### Data excerpt
§ §
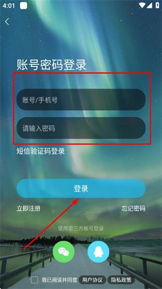 在账号密码登录页面输入账号手机号与密码,勾选相关协议后点击登录按钮,即可完成账号登录流程。
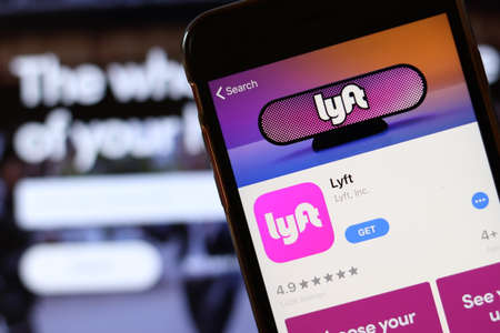 Phone with Lyft icon on screen close up with blur website on laptop. Los Angeles, California, USA - 30 November 2019, Illustrative Editorial.
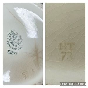 Antique Villeroy & Boch Wash Stand Set Pitcher, Basin and Soap Tray Ivory Gold - made in SAAR Basin (circa 1920-1935) Soap holder is unknown brand, has no maker stamp. This set is antique and has some very visible water markings, stains and dark spots. This item is heavy, additional shipping charge is included in price.
§ §
### What is required
Apart from the pictures, every line of the material above is to be returned word for word.

### Final answer
 在账号密码登录页面输入账号手机号与密码,勾选相关协议后点击登录按钮,即可完成账号登录流程。
 Phone with Lyft icon on screen close up with blur website on laptop. Los Angeles, California, USA - 30 November 2019, Illustrative Editorial.
 Antique Villeroy & Boch Wash Stand Set Pitcher, Basin and Soap Tray Ivory Gold - made in SAAR Basin (circa 1920-1935) Soap holder is unknown brand, has no maker stamp. This set is antique and has some very visible water markings, stains and dark spots. This item is heavy, additional shipping charge is included in price.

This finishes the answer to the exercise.